Create a table with the following properties (Image 1):
Table Details | Values |
---|---|
Table Name | People |
Icon + Colour | Default |
Domain | Sandbox (if this domain doesn't exist, either create it or make sure to update this parameter where required during the data sync) |
Select Columns in the left hand navigation to create the columns for the table.
Select the "Click Here to Add" button and add the following columns:
Column Details | Values |
---|---|
Column 1 | Column Name: Name Data Type: Text |
Column 2 | Column Name: Title Data Type: Text |
Column 3 | Column Name: Company Data Type: Text |
Select Save to save your table.
Data file
You can download the sample CSV file used in this example below.
If you are downloading this file to recreate this exercise, the file path and the file name must be the following:
C:\Data\contacts.csv
You can also update the path
parameter in the data sync configuration to match the file path and name of your choosing.

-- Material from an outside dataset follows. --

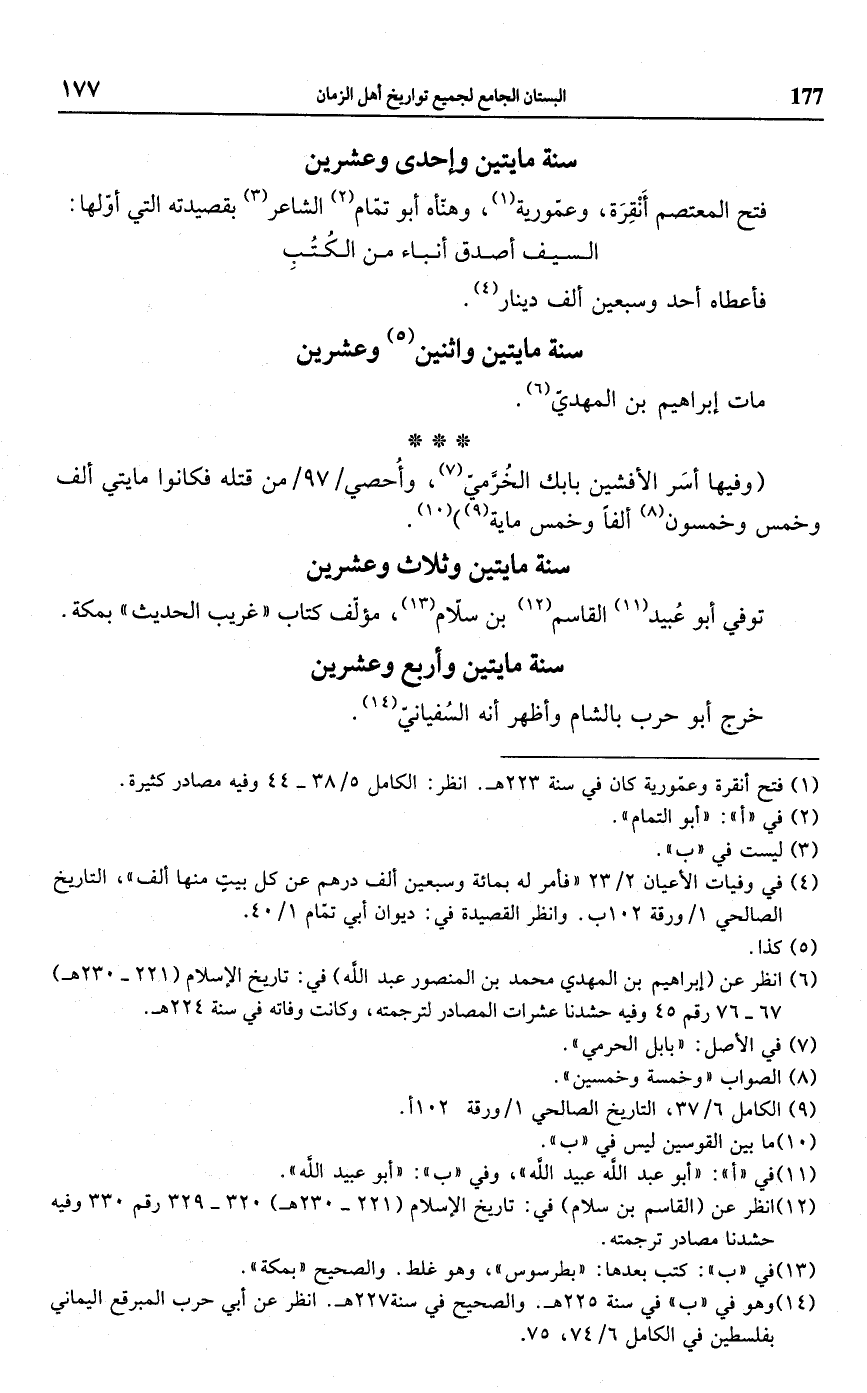 (¬4) في وفيات الأعيان 2/ 23 "فأمر له بمائة وسبعين ألف درهم عن كل بيتٍ منها ألف"، التاريخ الصالحي 1/ ورقة 102 ب. وانظر القصيدة في: ديوان أبي تمَّام 1/ 40.

The source file contains the following information which will sync into the target Cinchy table (Image 2).
As we can see, the file has the following columns:
First Name
Last Name
Email Address
Title
Company
The People table created only has the following columns:
Name
Title
Company
When syncing the data from the source (CSV file) to the target (Cinchy People table), the batch data sync must consider the following:
The first and last name from the source must merge into one column in the target (Name).

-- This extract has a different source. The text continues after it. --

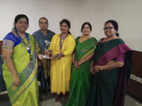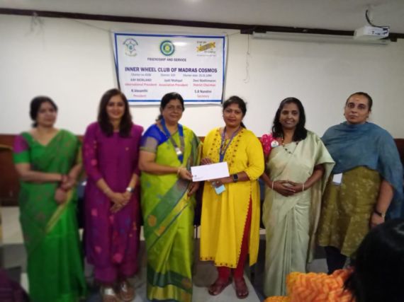 The cheque was handed over by the Present President, Mrs. Vasanthi, Immediate Past President, Mrs. Padma, and Past President, Mrs. Chandrika, during the club installation ceremony for 2025-26 in Chennai.

The email address from the sources isn't a column in the target, so this column won't sync into the target.
The title column will be an exact match from source to target.
The company column will also be an exact match from source to target.
Create the data sync
You have two options when you create a data sync in Cinchy:
You can input all of your necessary information through the intuitive Connections UI. Once saved, all of this data is uploaded as an XML into the Data Sync configurations table.
You can bypass the UI and upload your XML config directly into the Data Sync configuration table.
This example will walk you through option one.
Use the Connections UI
Within your Cinchy platform, navigate to the Connections Experience (Image 3).
In the Info tab, input the name of your data sync. This example uses "Contact Import" (Image 4).
Since this is a local file upload, we also need to set a Parameter. This value will be referenced in the "path" value of the Load Metadata box in step 5. For this example, we will set it to
filepath
(Image 5).
Navigate to the Source tab. This example uses the .CSV file you downloaded at the beginning of this example as our source.
Under Select a Source, select Delimited File (Image 6).
The "Load Metadata" box will appear; this is where you will define some important values about your source needed for the data sync to execute. Using the below table as your guide, fill in your metadata parameters (Image 7):
Parameter | Description | Example |
---|---|---|
Source | The source location of your file. This can be either Local, S3, or Azure Blob Storage. | Local |
Delimiter | The type of delimiter on your source file. | Since our file is a CSV, the delimiter is a comma, and we uses the ',' value. |
Text Qualifier | A text qualifier is a character used to distinguish the point at which the contents of a text field should begin and end. | "" |
Header Rows to Ignore | The number of records from the top of the file to ignore before the data starts (includes column header). | 1 |
Path | The path to your source file (See step 3). | @filepath |
Choose File | This option will appear once you've correctly set your Path value. | Upload the sample CSV for this example. |
Click Load.
In the Available Columns pop-up, select all of the columns that you want to import from the CSV. For this example, we will select them all (noting, however, that we will only map a few of them later) (Image 8).
Click Load.
Once you load your source, the schema section of the page will auto populate with the columns that you selected in step 7 (Image 9). Review the schema to ensure it has the correct Name and Data Type. You may also choose to set any Aliases or add a Description.
Navigate to the Destination tab and select Cinchy Table from the drop down.
In the Load Metadata pop-up, input the Domain and Table name for your destination. This example uses the
Sandbox
domain and thePeople
table (Image 10).Select Load Metadata.
Select the columns that you wish to use in your data sync (Image 11). These will be the columns that your source syncs to. This example uses the Name, Title, and Company columns. Note that you will have many Cinchy system table available to use as well. Click Load.
The Connections experience will attempt to automatically map your source and destination columns based on matching names. In the below screenshot, it matched the "Company" and "Title" columns (Image 12). The "Name" target column isn't an exact match for any of the source columns, so you must match that one manually.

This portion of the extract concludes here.